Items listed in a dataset
▶
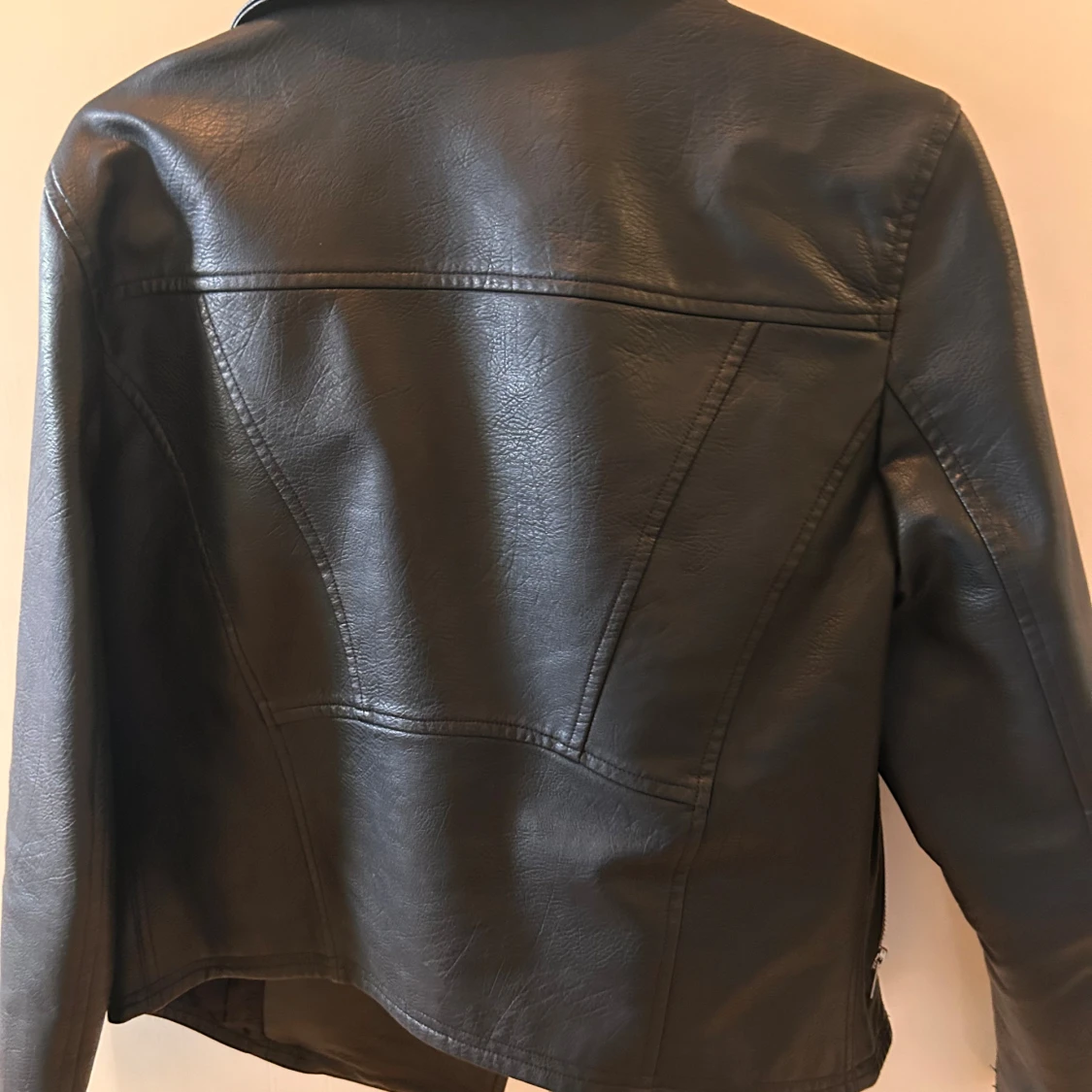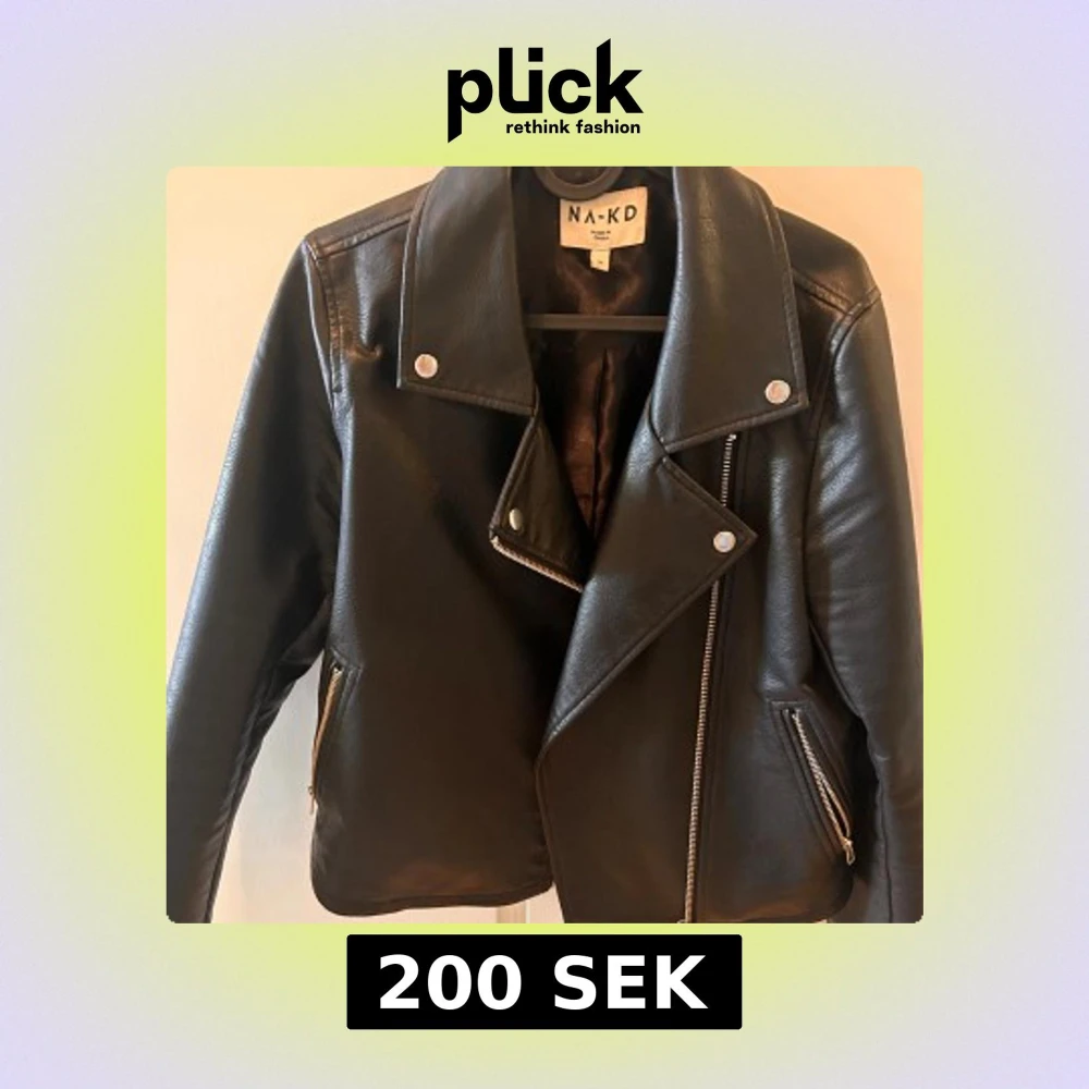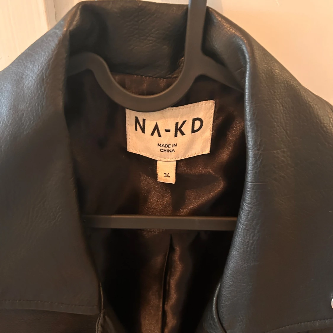 Snygg svart skinnjacka från NA-KD med klassisk bikerstil. Jackan har silvriga dragkedjor, bred krage och coola detaljer med tryckknappar. Storlek 34 men har lite större passform så passar även för dem som bär stk 36-38.
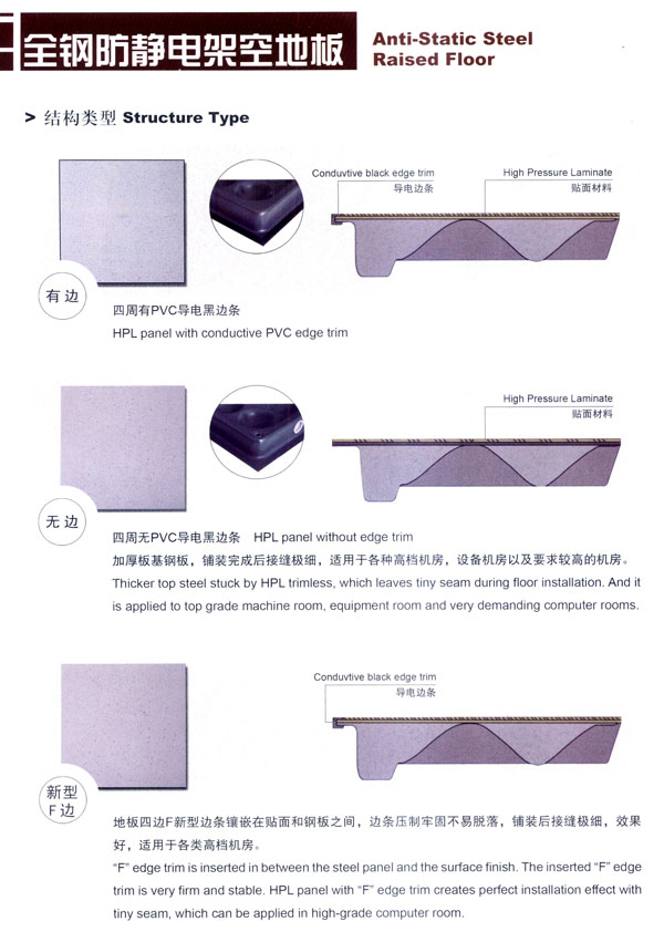 常州市蘇杰機(jī)房地板有限公司是高架地板專業(yè)制造商,專業(yè)從事防靜電地板、OA網(wǎng)絡(luò)地板等各種系列高架地板的研發(fā)、制造和銷售,并提供各種機(jī)房地面和智能化辦公區(qū)地面的整體解決方案。 公司廠區(qū)面積30000平方米,擁有全鋼地板生產(chǎn)線兩條,木基、硫酸鈣基地板生產(chǎn)線各一條,年綜合產(chǎn)能100萬平方米。生產(chǎn)蘇杰牌防靜電地板系列和蘇杰牌網(wǎng)絡(luò)地板系列,主要產(chǎn)品有全鋼防靜電架空地板、全鋼OA網(wǎng)絡(luò)地板、瓷磚貼面防靜電地板、硫酸鈣防靜電地板、木基防靜電地板、鋁合金防靜電地板、防靜電通風(fēng)地板等。 蘇杰人秉承“科技先導(dǎo)、市場為本、持續(xù)發(fā)展”的企業(yè)發(fā)展觀,堅(jiān)持“以先進(jìn)技術(shù)裝備為基礎(chǔ),以現(xiàn)代化管理為依托,以專業(yè)化服務(wù)為保障”的宗旨,使公司不斷發(fā)展壯大成為現(xiàn)代化的企業(yè)。 蘇杰人堅(jiān)持“嚴(yán)謹(jǐn)思考、嚴(yán)密操作、嚴(yán)格檢查、嚴(yán)肅驗(yàn)證”的品質(zhì)理念和“以客戶為中心”的服務(wù)理念,始終致力于產(chǎn)品的技術(shù)創(chuàng)新和質(zhì)量創(chuàng)優(yōu),為用戶提供優(yōu)質(zhì)的產(chǎn)品、合理的價(jià)格和貼心的服務(wù)。 常州市蘇杰機(jī)房地板有限公司將不斷開發(fā)和制造一流的產(chǎn)品,吸引和培養(yǎng)一流的人才,提供和完善一流的服務(wù),樹立和保持一流的形象,與時(shí)俱進(jìn),共謀發(fā)展。
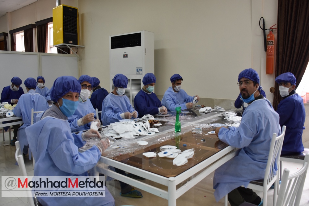 کارکنان معاونت فرهنگی دانشجویی از دهه آخر اسفند زیر نظر «ستاد مقابله با کرونا» در دانشگاه علوم پزشکی مشهد به تولید ماسک N۹۵ برای کادر درمان پرداختند و این فعالیت در ایام تعطیلات عید نوروز تا کنون ادامه دارد.
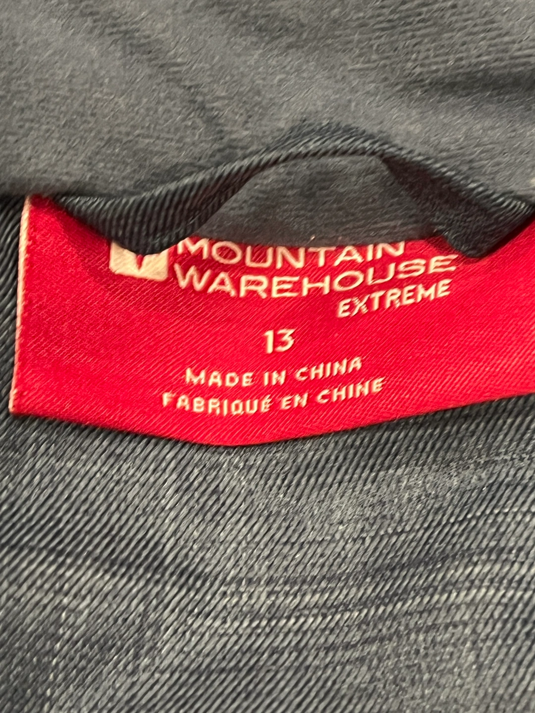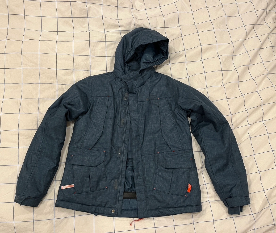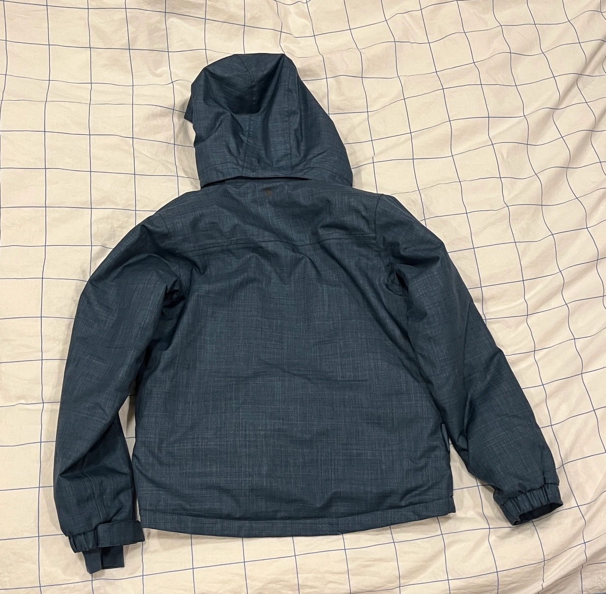 95Blue ski jacket with a hood. Zipper closure, two pockets on the front and one on the left sleeve. Size 13 for boys. Ages 10-13 approximately
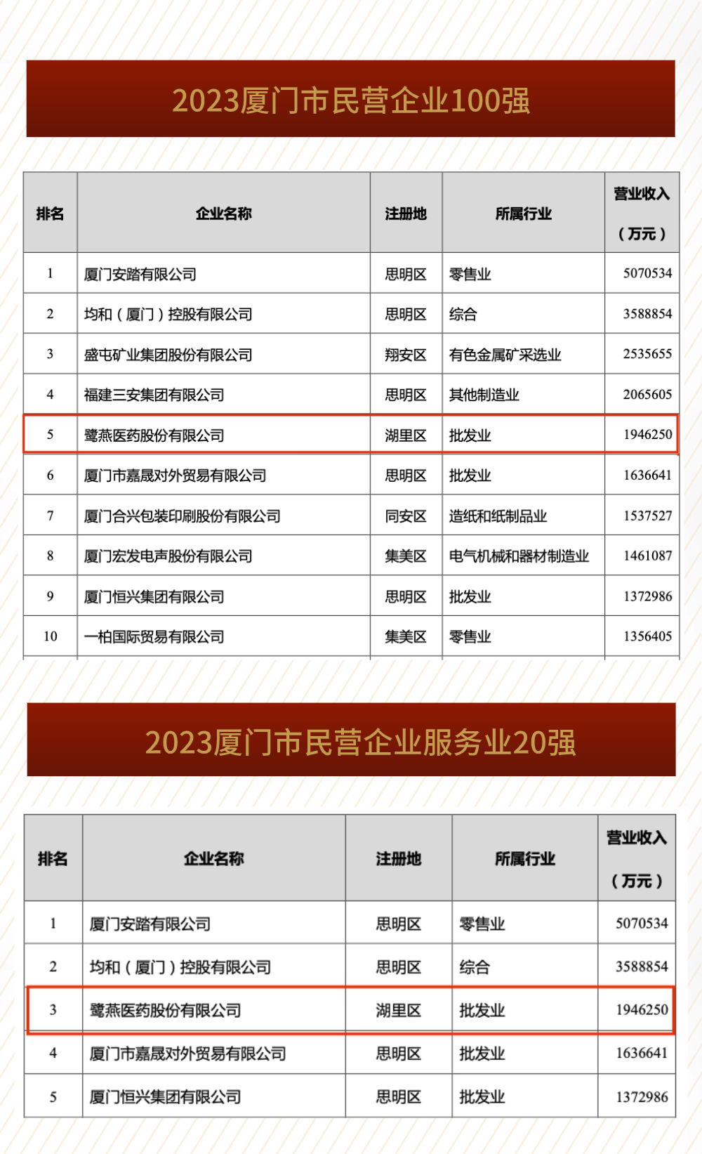 喜報(bào) | 鷺燕醫(yī)藥榮列2023廈門(mén)市民營(yíng)企業(yè)100強(qiáng)等系列榜單!
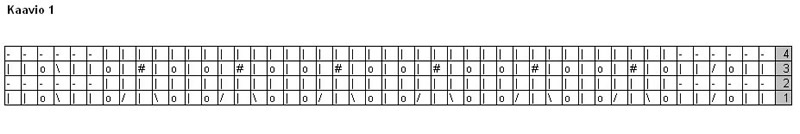 Aloita seuraavalla kerroksella neulominen kaavion 1 mukaan (op). Huomaa,
◀
> About this task:
Would you reproduce the lines above exactly, without carrying over the pictures?

> Exercise answer:
 Snygg svart skinnjacka från NA-KD med klassisk bikerstil. Jackan har silvriga dragkedjor, bred krage och coola detaljer med tryckknappar. Storlek 34 men har lite större passform så passar även för dem som bär stk 36-38.
 常州市蘇杰機(jī)房地板有限公司是高架地板專業(yè)制造商,專業(yè)從事防靜電地板、OA網(wǎng)絡(luò)地板等各種系列高架地板的研發(fā)、制造和銷售,并提供各種機(jī)房地面和智能化辦公區(qū)地面的整體解決方案。 公司廠區(qū)面積30000平方米,擁有全鋼地板生產(chǎn)線兩條,木基、硫酸鈣基地板生產(chǎn)線各一條,年綜合產(chǎn)能100萬平方米。生產(chǎn)蘇杰牌防靜電地板系列和蘇杰牌網(wǎng)絡(luò)地板系列,主要產(chǎn)品有全鋼防靜電架空地板、全鋼OA網(wǎng)絡(luò)地板、瓷磚貼面防靜電地板、硫酸鈣防靜電地板、木基防靜電地板、鋁合金防靜電地板、防靜電通風(fēng)地板等。 蘇杰人秉承“科技先導(dǎo)、市場為本、持續(xù)發(fā)展”的企業(yè)發(fā)展觀,堅(jiān)持“以先進(jìn)技術(shù)裝備為基礎(chǔ),以現(xiàn)代化管理為依托,以專業(yè)化服務(wù)為保障”的宗旨,使公司不斷發(fā)展壯大成為現(xiàn)代化的企業(yè)。 蘇杰人堅(jiān)持“嚴(yán)謹(jǐn)思考、嚴(yán)密操作、嚴(yán)格檢查、嚴(yán)肅驗(yàn)證”的品質(zhì)理念和“以客戶為中心”的服務(wù)理念,始終致力于產(chǎn)品的技術(shù)創(chuàng)新和質(zhì)量創(chuàng)優(yōu),為用戶提供優(yōu)質(zhì)的產(chǎn)品、合理的價(jià)格和貼心的服務(wù)。 常州市蘇杰機(jī)房地板有限公司將不斷開發(fā)和制造一流的產(chǎn)品,吸引和培養(yǎng)一流的人才,提供和完善一流的服務(wù),樹立和保持一流的形象,與時(shí)俱進(jìn),共謀發(fā)展。
 کارکنان معاونت فرهنگی دانشجویی از دهه آخر اسفند زیر نظر «ستاد مقابله با کرونا» در دانشگاه علوم پزشکی مشهد به تولید ماسک N۹۵ برای کادر درمان پرداختند و این فعالیت در ایام تعطیلات عید نوروز تا کنون ادامه دارد.
 95Blue ski jacket with a hood. Zipper closure, two pockets on the front and one on the left sleeve. Size 13 for boys. Ages 10-13 approximately
 喜報(bào) | 鷺燕醫(yī)藥榮列2023廈門(mén)市民營(yíng)企業(yè)100強(qiáng)等系列榜單!
 Aloita seuraavalla kerroksella neulominen kaavion 1 mukaan (op). Huomaa,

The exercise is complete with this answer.